Decoupling Consumption and Processing for Better Resource Utilization—Igor Buzatović (Inovativni trendovi d.o.o)

The Janney coupler, a semi-automatic train decoupler (Wikipedia)

Igor’s talk was a deep dive into how Kafka consumers work, and how you can correctly overcome the limitations of single-thread Kafka consumers to maximize throughput, reduce latency, and rebalancing time, and process events in order and with exactly-once semantics. Sounds impossible?! Kafka consumers are normally single-threaded, so in the same thread you both poll for messages and then process them. This works fine if the processing time per message is very small.

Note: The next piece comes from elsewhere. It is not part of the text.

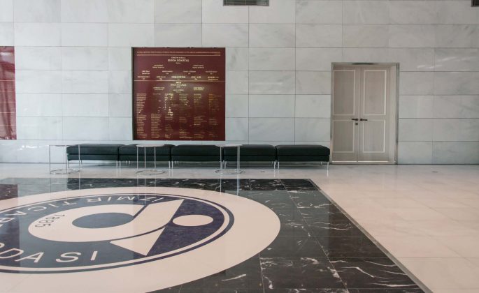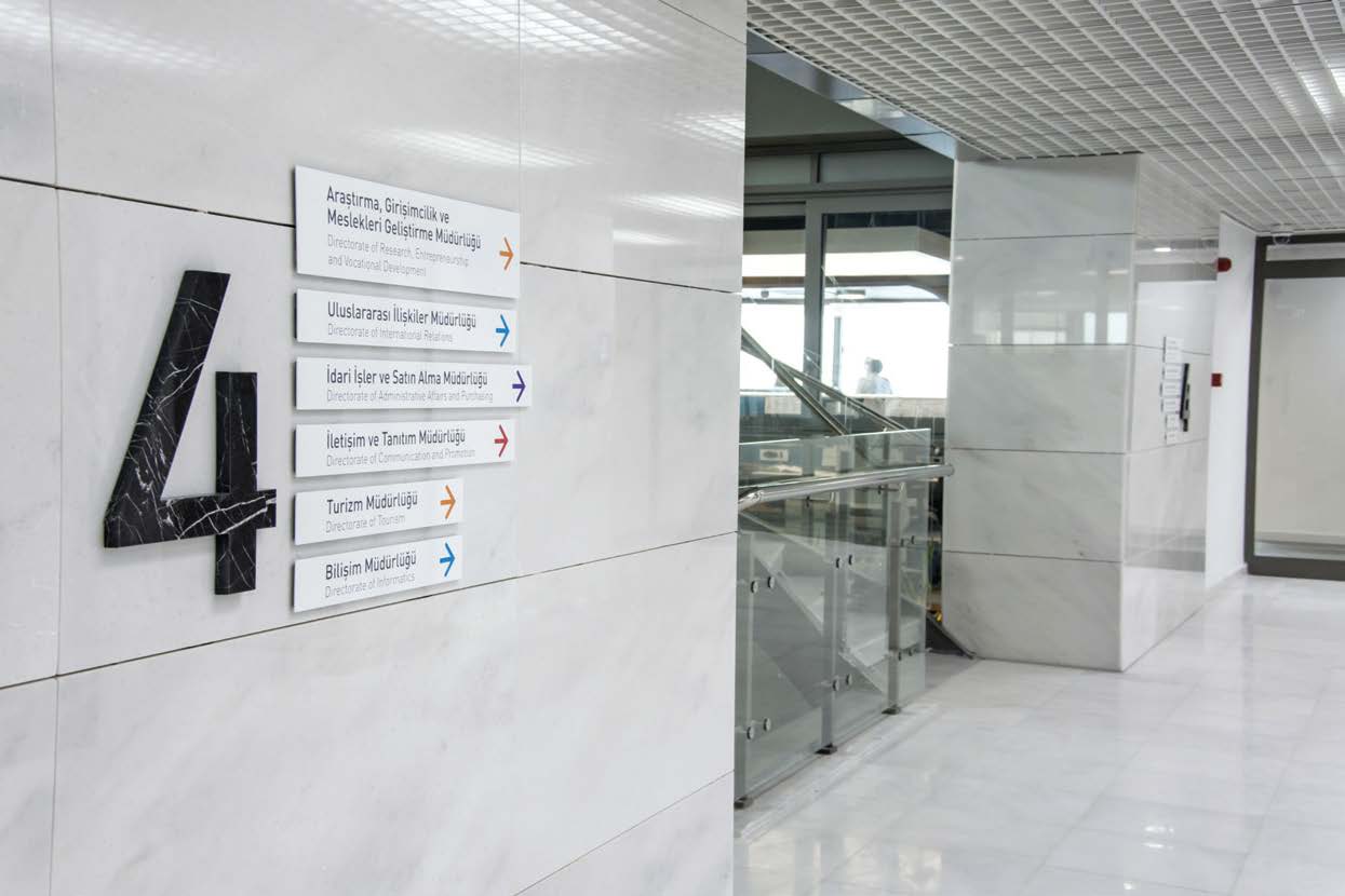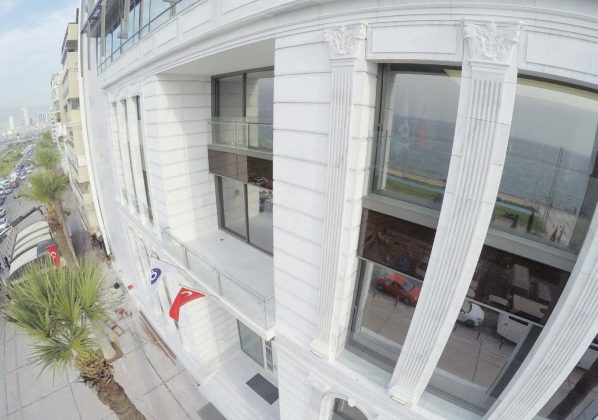 We’re in Kordonboyu, one of the most beautiful places of İzmir, accompanied with the gulf’s view… Among the lined-up buildings resembling a big concrete wall deprived of any historical texture, one building shines through. It has both an appearance integrated with the history of the city and a modern design symbolising the future. It sparkles with Turkey’s world-wide famous marble, Kemalpaşa White. This is the new service building of İzmir Chamber of Commerce with a history of 133 years and more than 80 thousand members…

But, if the processing time blows out (for example to run an anomaly detection pipeline, or to write/read data to/from a database etc.) then latency and throughput both degrade, and the typical solution is to increase the number of Kafka consumers to compensate.

This just follows from “Little’s Law” which states that the average concurrency of a system (U) is the average response time (RT) multiplied by the average throughput (TP), i.e.:

U = RT * TP

Or, rearranging for TP:

TP = U/RT

So, as RT goes up the only way to increase TP is to increase the concurrency, or the number of Kafka consumers (if they are single threaded). However, increasing Kafka consumers entails increasing the number of Kafka partitions per topic (as you must have at least 1 partition per consumer), which can seriously reduce the cluster throughput. So, you want to try and optimize the Kafka consumers first (to reduce the RT part of the above equation).

The optimizations I’ve used in the past are to use multiple thread pools/multithreading and/or asynchronous processing for the message processing phase, as this increases the concurrency and reduces the latency, but at the potential cost of incorrect event ordering and commits. For example, in my demo Kafka IoT application (Kongo) I used the Guava Event Bus to decouple message polling from processing to handle high fan-outs, and for Anomalia Machina (an Anomaly Detection pipeline using Kafka, Cassandra, and Kubernetes) having two thread pools and tuning the size of the processing thread pool as critical for throughput optimization. This diagram shows the use of two thread pools in the context of an Anomaly Detection pipeline:

Two thread pools in the context of an Anomaly Detection pipeline

DoorDash also uses a similar multithreading approach, so it’s apparent that this isn’t a new idea. What’s good about Igor’s solution is that it’s correct! Igor goes through the pros and cons of several alternative multithreaded Kafka consumer designs before settling for a “fully-decoupled” design which solves most of the issues. Igor’s solution is to process all the records from the same partition by the same thread (thereby ensuring ordering), and use a manual commit (handled in the main polling thread) to ensure exactly-once semantics and reduce rebalancing issues. Multi-threading can be hard, but Igor’s approach looks like a correct and elegant solution for Kafka consumer multi-threading, and demo code is available here.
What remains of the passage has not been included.